(Source records)
"""

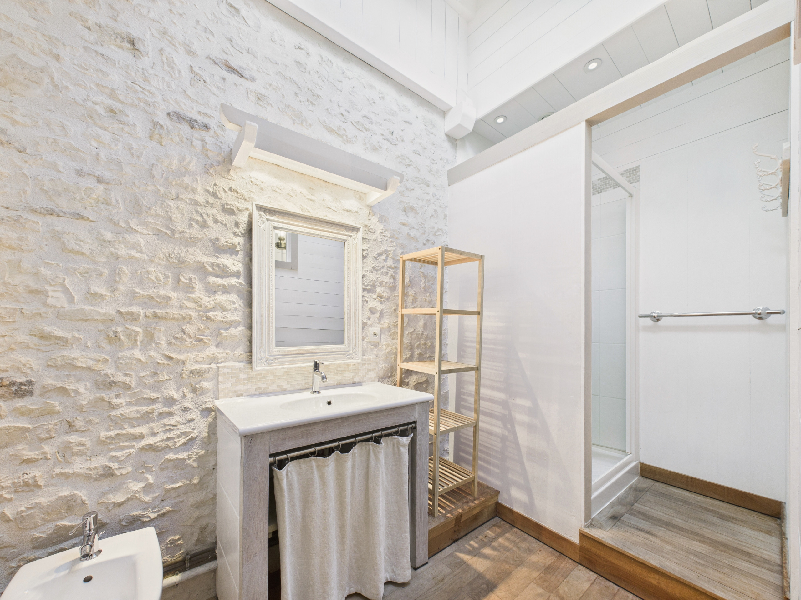 Im Obergeschoss besteht der Nachtbereich aus vier komfortablen Schlafzimmern: ein Schlafzimmer mit einem Queen-Size-Bett (160x200), zwei Schlafzimmer mit Doppelbett (140x190) und ein Schlafzimmer mit zwei Einzelbetten (90x190). Ein Badezimmer mit Dusche befindet sich ebenfalls in diesem Stockwerk für noch mehr Praktikabilität. Ein zweites Badezimmer ist im Erdgeschoss, in der Garage, zugänglich, wo Sie auch bis zu 8 Fahrräder lagern können, ideal für Ihre Ausflüge auf den zahlreichen Radwegen der Insel. Zwei separate WCs ergänzen das Haus, eines in jedem Stockwerk.
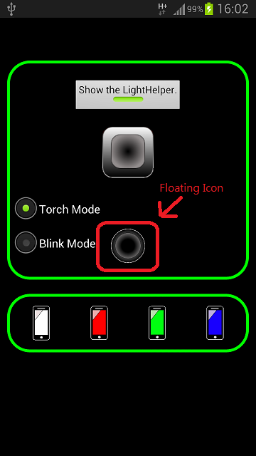 A flashlight app can be set to torch mode or blink mode.
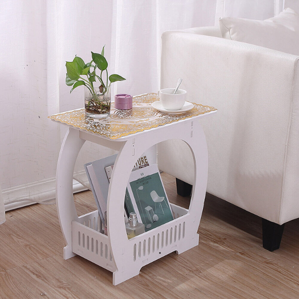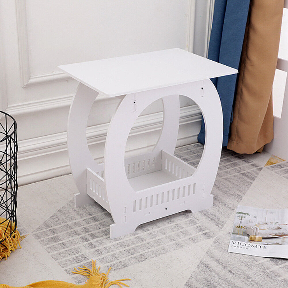 Small Side End Coffee Table Beside lamp Stand Nightstand Storage Shelf White
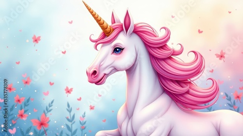 Fototapeta premium a gentle watercolor illustration of a magical unicorn with a flowing mane, in...
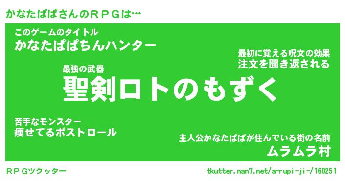 | ファンタジー風あだ名 | 『カナフェル』『エターナルカナタパパー』 |
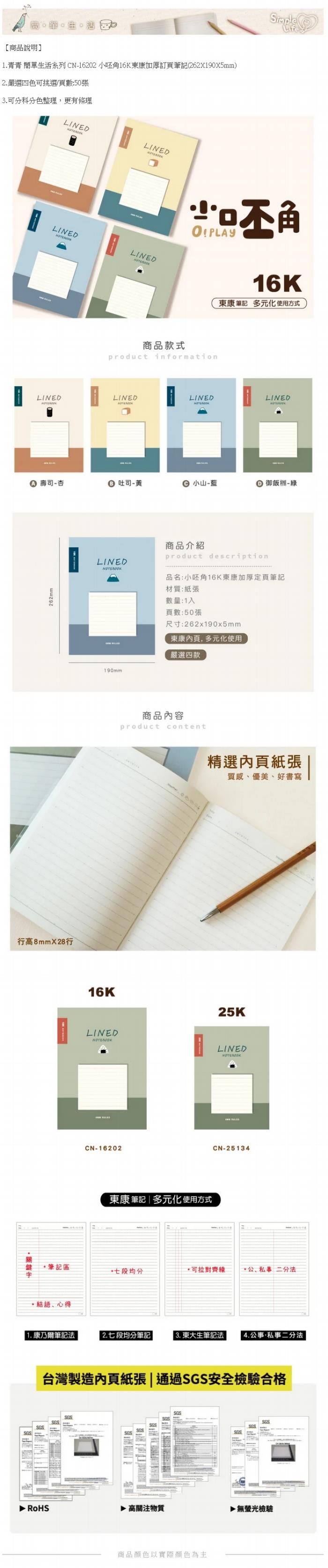 ◎青青 簡單生活系列 CN-16202 小呸角16K東康加厚訂頁筆記(262X190X5mm)
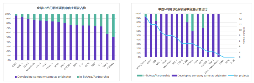 中國公司強(qiáng)調(diào)自主研發(fā),78%的熱門靶點(diǎn)項(xiàng)目都是由發(fā)起該項(xiàng)目的同一家公司開發(fā),僅7%來自合作。聯(lián)合用藥成為大趨勢(shì),所有靶點(diǎn)均聯(lián)用PD1/L1抑制劑,另有一半聯(lián)用CTLA-4。
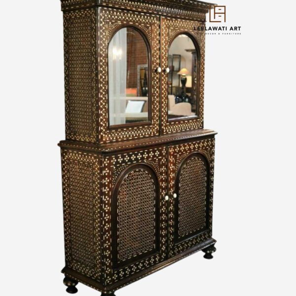 This Piece of Wooden Bone inlay Bar Cabinet is a classical space for your Kitchen / Living Room / Bedroom/ Dining area. Its Design with Ethnic Luxury Carving pieces of bone and resin finish give
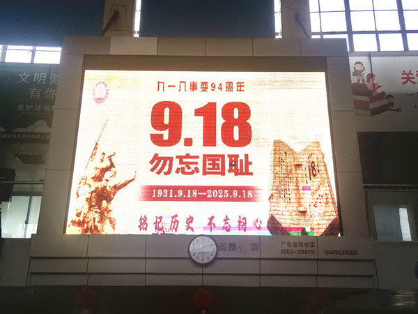 9月18日,在这个承载着民族记忆的特殊日子,芜湖汽车站开展“全民国防教育月”活动,让员工和乘车旅客在这个特殊的时刻接受爱国主义、国防教育洗礼。该站电子显示屏滚动播放“勿忘国耻、警钟长鸣”,“铭记历史、勿忘国耻;砥砺前行、强我中华”等宣传标语,让爱国主义教育、国防教育融入日常生活。(吴乐鹏 陈犇 文/摄)

"""

> _ACTIVITY_: Transcribe the data completely. No pictures should appear in the transcription.

> _ANSWER SECTION_:
 Im Obergeschoss besteht der Nachtbereich aus vier komfortablen Schlafzimmern: ein Schlafzimmer mit einem Queen-Size-Bett (160x200), zwei Schlafzimmer mit Doppelbett (140x190) und ein Schlafzimmer mit zwei Einzelbetten (90x190). Ein Badezimmer mit Dusche befindet sich ebenfalls in diesem Stockwerk für noch mehr Praktikabilität. Ein zweites Badezimmer ist im Erdgeschoss, in der Garage, zugänglich, wo Sie auch bis zu 8 Fahrräder lagern können, ideal für Ihre Ausflüge auf den zahlreichen Radwegen der Insel. Zwei separate WCs ergänzen das Haus, eines in jedem Stockwerk.
 A flashlight app can be set to torch mode or blink mode.
 Small Side End Coffee Table Beside lamp Stand Nightstand Storage Shelf White
 Fototapeta premium a gentle watercolor illustration of a magical unicorn with a flowing mane, in...
 | ファンタジー風あだ名 | 『カナフェル』『エターナルカナタパパー』 |
 ◎青青 簡單生活系列 CN-16202 小呸角16K東康加厚訂頁筆記(262X190X5mm)
 中國公司強(qiáng)調(diào)自主研發(fā),78%的熱門靶點(diǎn)項(xiàng)目都是由發(fā)起該項(xiàng)目的同一家公司開發(fā),僅7%來自合作。聯(lián)合用藥成為大趨勢(shì),所有靶點(diǎn)均聯(lián)用PD1/L1抑制劑,另有一半聯(lián)用CTLA-4。
 This Piece of Wooden Bone inlay Bar Cabinet is a classical space for your Kitchen / Living Room / Bedroom/ Dining area. Its Design with Ethnic Luxury Carving pieces of bone and resin finish give
 9月18日,在这个承载着民族记忆的特殊日子,芜湖汽车站开展“全民国防教育月”活动,让员工和乘车旅客在这个特殊的时刻接受爱国主义、国防教育洗礼。该站电子显示屏滚动播放“勿忘国耻、警钟长鸣”,“铭记历史、勿忘国耻;砥砺前行、强我中华”等宣传标语,让爱国主义教育、国防教育融入日常生活。(吴乐鹏 陈犇 文/摄)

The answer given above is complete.